Kofun period keyhole-shaped burial mound in Japan

Amatsuka Kofun (天塚古墳) was a Kofun period keyhole-shaped burial mound, located in the Uzumasa Matsumoto-cho neighborhood of Ukyō-ku the city of Kyoto in the Kansai region of Japan. The tumulus was designated a National Historic Site of Japan in 1978. Along with the other kofun in the Sagano-Uzumasa region from around the end of the 6th century to the beginning of the 7th century, it is thought to be connected to the Hata clan, a clan of toraijin immigrants whose stronghold was in this area.

==Overview==
The Amatsuka Kofun was a zenpō-kōen-fun (前方後円墳), which is shaped like a keyhole, having one square end and one circular end, when viewed from above. It is located in the Sagano-Uzumasa region of the Yamashiro Basin, where many kofun from the 6th century onwards are concentrated, including four large keyhole-shaped tumuli: Hebizuka Kofun, Amatsuka Kofun, Taruyama Kofun (under Imperial Household Agency protection) and the Shimizuyama Kofun (now destroyed). The Amatsuka Kofun is the second largest in the group after the Hebizuka Kofun, and is located about one kilometer southeast of Hebizuka Kofun.

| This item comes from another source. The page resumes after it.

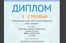 Поздравляем с победой ученицу 8 класса Конькину Анастасию и научного руководителя, учителя математики Санникову Галину Ивановну в XI Региональной научно-практической конференции "Наше наследие", которое проходило на базе Гимназии №4 15.04.2017

The tumulus has a two-tiered mound with the front orientated to the south. It is known that there was once a moat around it that was more than 20 meters wide. The total length of the tumulus is about 73 meters, the circular posterior portion is 40 meters in diameter and nine meters high, and the anterior rectangular portion is 50 meters wide and nine meters high. There are two horizontal-entry stone burial chambers in the circular portion. Cylindrical haniwa clay figures have been found on the outside of the mound. There is also a circular mound in the northwest, which is thought to be a secondary baizuka kofun..

Grave goods excavated in 1887 include horse equipment, iron swords and arrowheads, Sue ware pottery and bronze mirrors. Based on the excavated items and the shape of the tumulus, it is estimated to have been constructed in the 6th century. These artifacts are stored at the Kyoto National Museum. No modern archaeological excavation have been conducted at this site. Currently, access to one of the two stone chambers is restricted.

The tumulus is about a seven-minute walk from Kaikonoyashiro Station on the Keifuku Electric Railway Arashiyama Main Line.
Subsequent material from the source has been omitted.